After locating the line that contains "Byt orientovaný na" in the material below, copy that line and each one following it, exactly, up to the last line. Pictures stay out.

** Opening SUPPLIED INFORMATION block **

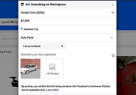 List the vehicle yourself to make the most money possible. You’re more likely to get a high return if you sell the vehicle yourself, but it requires more time and effort. Wash the vehicle and clean the interior. Take some high-quality photos of your vehicle from multiple angles, and list the vehicle information online in a for sale ad.Tip: Be upfront about anything wrong with the vehicle. If you try to hide things that are wrong with the vehicle, you could be sued or run into arguments with the buyer. Put “sold as-is” in the advertisement you write to avoid headaches in the future if the buyer isn’t happy. You can list your ad on Craigslist, Facebook Marketplace, Autotrader, CarGurus, and eBay Motors. These are the most popular sites for a selling a car privately. If the vehicle needs some minor repairs, get it fixed before listing it. You’ll lose a lot negotiating power if there are minor issues with your vehicle. While you’re waiting for replies to your ad, park your vehicle in front of your house and leave a “For Sale” sign in the window with your phone number. You may get calls from folks driving or walking past your vehicle. If the car is expensive, it may be more difficult to sell to a private party.
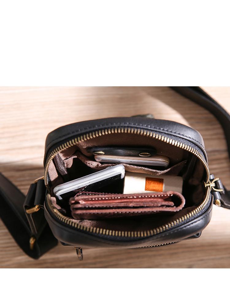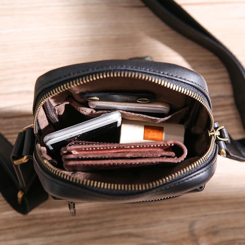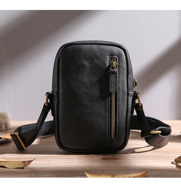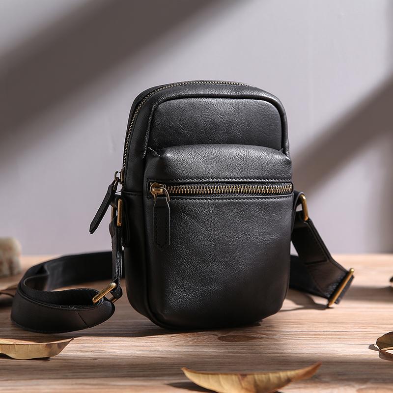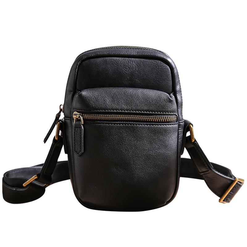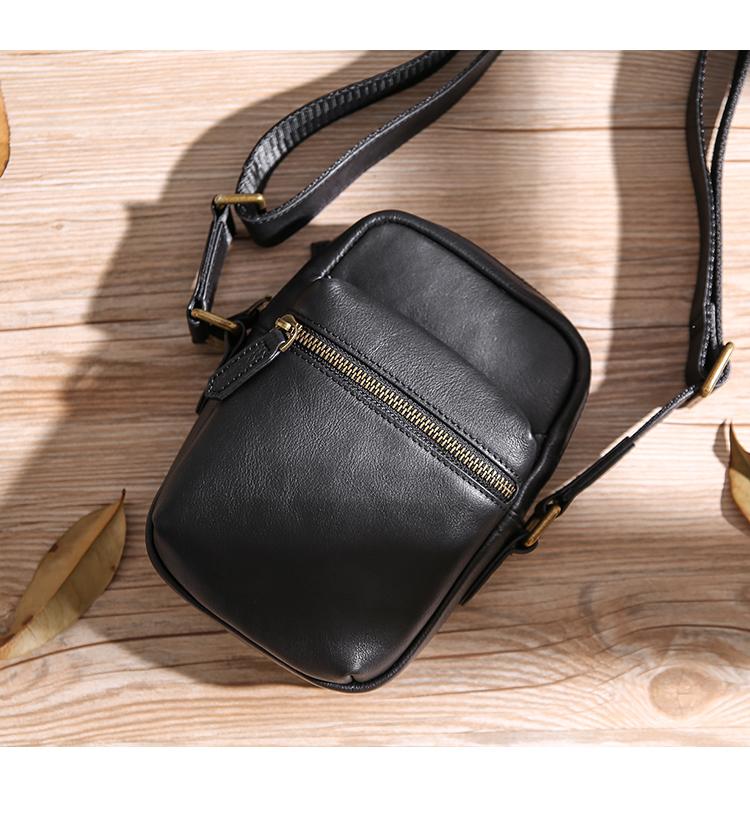 Design: Casual Black Leather MENS Small Side Bag Brown Messenger Bag Mobile Bag For Men
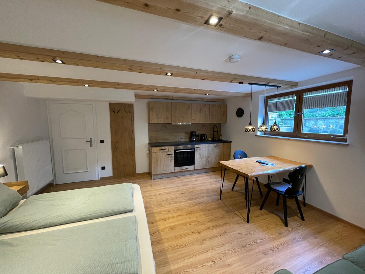 Byt orientovaný na jih nabízí skvělý výhled na alpský svět Karwendelu a Wetterstein. Byl nedávno zrekonstruován a zařízen. Je zde možnost ubytování až pro čtyři osoby - je však ideální pro dvě až tři osoby. Byt má téměř 40 m2 velmi čisté obytné plochy: jídelna-obývací pokoj (s prostorným, plně vybaveným kuchyňským koutem), ložnice (s širokou manželskou postelí a novými matracemi), vlastní koupelna s denním světlem, balkon na jih, vlastní parkovací místo.
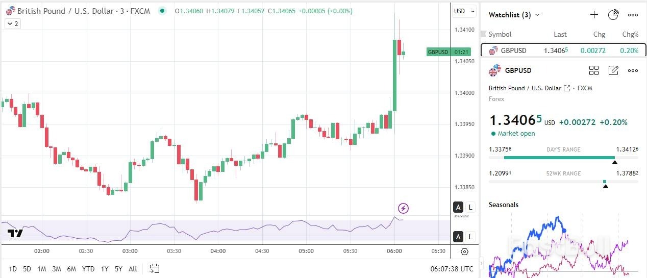 Ahead of the inflation report, the GBP/USD dropped to a low of $1.33758 before rising to a high of $1.34005. Following the report, the pair briefly dipped to a low of $1.33935 before surging to a high of $1.34126.

** Closing SUPPLIED INFORMATION block **

# [ANSWER]
 Byt orientovaný na jih nabízí skvělý výhled na alpský svět Karwendelu a Wetterstein. Byl nedávno zrekonstruován a zařízen. Je zde možnost ubytování až pro čtyři osoby - je však ideální pro dvě až tři osoby. Byt má téměř 40 m2 velmi čisté obytné plochy: jídelna-obývací pokoj (s prostorným, plně vybaveným kuchyňským koutem), ložnice (s širokou manželskou postelí a novými matracemi), vlastní koupelna s denním světlem, balkon na jih, vlastní parkovací místo.
 Ahead of the inflation report, the GBP/USD dropped to a low of $1.33758 before rising to a high of $1.34005. Following the report, the pair briefly dipped to a low of $1.33935 before surging to a high of $1.34126.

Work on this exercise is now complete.